23 August 2006, Wednesday
I continue to try to figure out how my near future will be organized. Do I want to keep this RV? Does it make sense? Or should I try to sell it this coming January in Quartzite? Now that was a new thought!

It seems the first thing I must do is get a good tutorial on the electrical system here. What is it capable of? How can I meter it? Where is the breaker box? Why is the engine battery drawn so low? I have lots of questions. I will call Christopher when I am in Paonia and see if I can go up to their place when I leave here. Maybe spend a day or two just going through what I want, what it does, what I want it to do.

It is sooooo peaceful here. I woke up at 4am and was suddenly, overwhelmingly bored! I thought, ‘That’s my problem. I’m just bored.’ It is difficult to go to be at 8pm and sleep through the night. But once the sun is down there’s really not a whole lot left to do. I think I’m going to try to download some websites when I’m in town today so that I can read them when I get home. Websites about New Mexico and Arizona mostly. I need a goal, a purpose, an intent for this trip. Aimless wandering just won’t cut it for me. Shall I be visiting all the monasteries in the southwest? Shall I be practicing survival techniques? Shall I be looking for a place to live? Shall I be just shaking some dust off my boots? Shall I be writing, meditating, journaling, photographing? Shall I be visiting intentional communities? No, I’m not interested in intentional communities really, only in some idealistic sense. What about world travel? I won’t get on an airplane again.

If I take the RV without the car to Arizona, my mobility is limited. It will cost $600 for gas. A savings of $420 - maybe - over driving the car. I say maybe because I’d probably tend to drive around more in the car. The $420 I’d save would be spent on a new tent and a cover for the RV - together around $800. Not to mention that I’m going to have to pay for storage for this beast if I’m not living in it. So the question is not one of finances. It’s a bit complicated but it looks as if it’s more expensive not to take it then to take it. The thing is, I like my mobility and I don’t really want to drag my car along behind - at least not right now. I really would prefer a trip by car. How long can I live on what I have left allotted to myself for living? Maybe 4 months. Then I must begin to dip into the $10,000. Well, I don’t quite understand why but I really cannot say no to this trip this winter, frivolous and costly as it might be.
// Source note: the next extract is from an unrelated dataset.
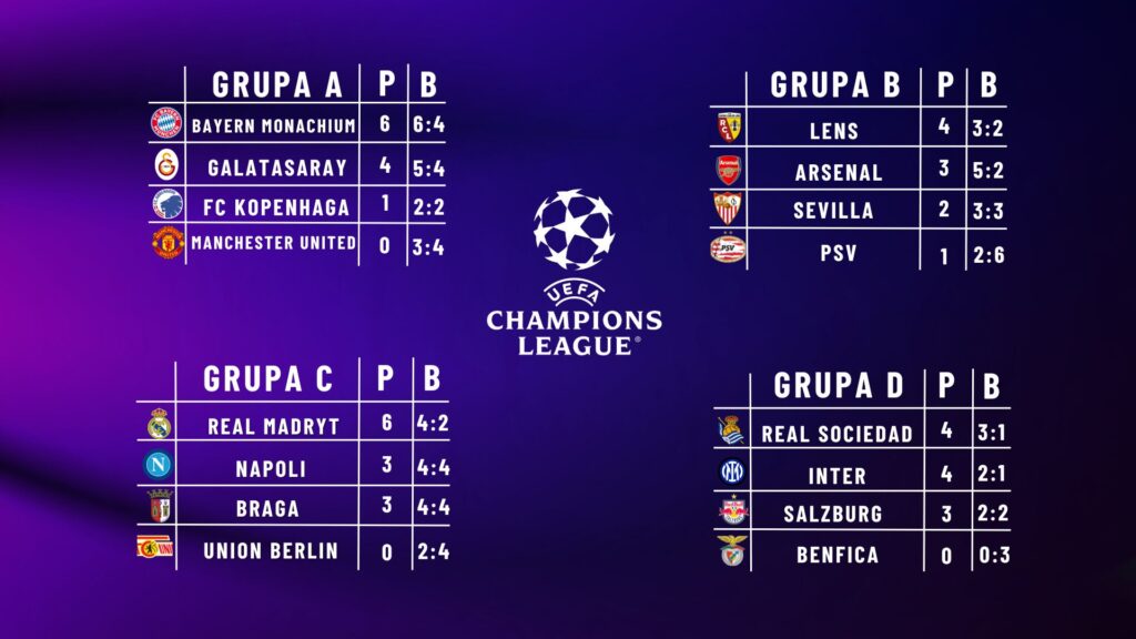 Dzisiejsza porażka może bardzo mocno skomplikować nadzieje dotyczące awansu do fazy pucharowej. Warto wspomnieć o potyczce Bragi z Realem Madryt. Popularni ⹂Królewscy” posiadają komplet punktów i dzisiejszym zwycięstwem mogą znacznie przybliżyć fakt awansu z grupy. Pierwsze gwizdki arbitrów staną się faktem już o godzinie 18:45. Wtedy to walkę o trzy punkty rozpocznie Inter Mediolan i Bayern Monachium. Na dole znajdziesz plan transmisji i sytuacje w grupach dotyczących dzisiejszego wieczoru.

The big challenge always is finding meaning in the journey. I have often told Michelle, ‘We are the ones who bring meaning to anything. Nothing in and of itself has meaning.’ What I mean to say is that I wish to bless my travels and tell myself that it’s okay to just go and do, without worry. I guess I’m back now in this moment once again thinking that my favorite plan is to travel in car with cat into New Mexico and Arizona, returning by way of the Grand Canyon and Southern Utah in early November. Perhaps Michelle will want me to visit some intentional communities along the way. Will I find enough trails to keep me happy? I have visions of the glowing, rolling mountains of New Mexico, of hiking up mountainsides lit by the yellow September sun.